#### [Exercise brief]
Which lines below fall between the one containing "Lunchbox avec plateau" and the one containing "Spread the aura"? Repeat them exactly, counting both of those lines, and add nothing else.

#### [Information]
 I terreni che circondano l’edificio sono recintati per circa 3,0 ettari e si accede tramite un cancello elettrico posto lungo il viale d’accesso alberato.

==

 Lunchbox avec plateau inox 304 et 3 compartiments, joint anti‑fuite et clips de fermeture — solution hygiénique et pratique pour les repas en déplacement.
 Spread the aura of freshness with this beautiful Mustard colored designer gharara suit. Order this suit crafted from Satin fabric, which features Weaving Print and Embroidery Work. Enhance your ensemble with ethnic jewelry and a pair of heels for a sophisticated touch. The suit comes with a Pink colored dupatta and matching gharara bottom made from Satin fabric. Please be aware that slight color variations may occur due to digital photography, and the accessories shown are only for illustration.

#### [The completed task]
 Lunchbox avec plateau inox 304 et 3 compartiments, joint anti‑fuite et clips de fermeture — solution hygiénique et pratique pour les repas en déplacement.
 Spread the aura of freshness with this beautiful Mustard colored designer gharara suit. Order this suit crafted from Satin fabric, which features Weaving Print and Embroidery Work. Enhance your ensemble with ethnic jewelry and a pair of heels for a sophisticated touch. The suit comes with a Pink colored dupatta and matching gharara bottom made from Satin fabric. Please be aware that slight color variations may occur due to digital photography, and the accessories shown are only for illustration.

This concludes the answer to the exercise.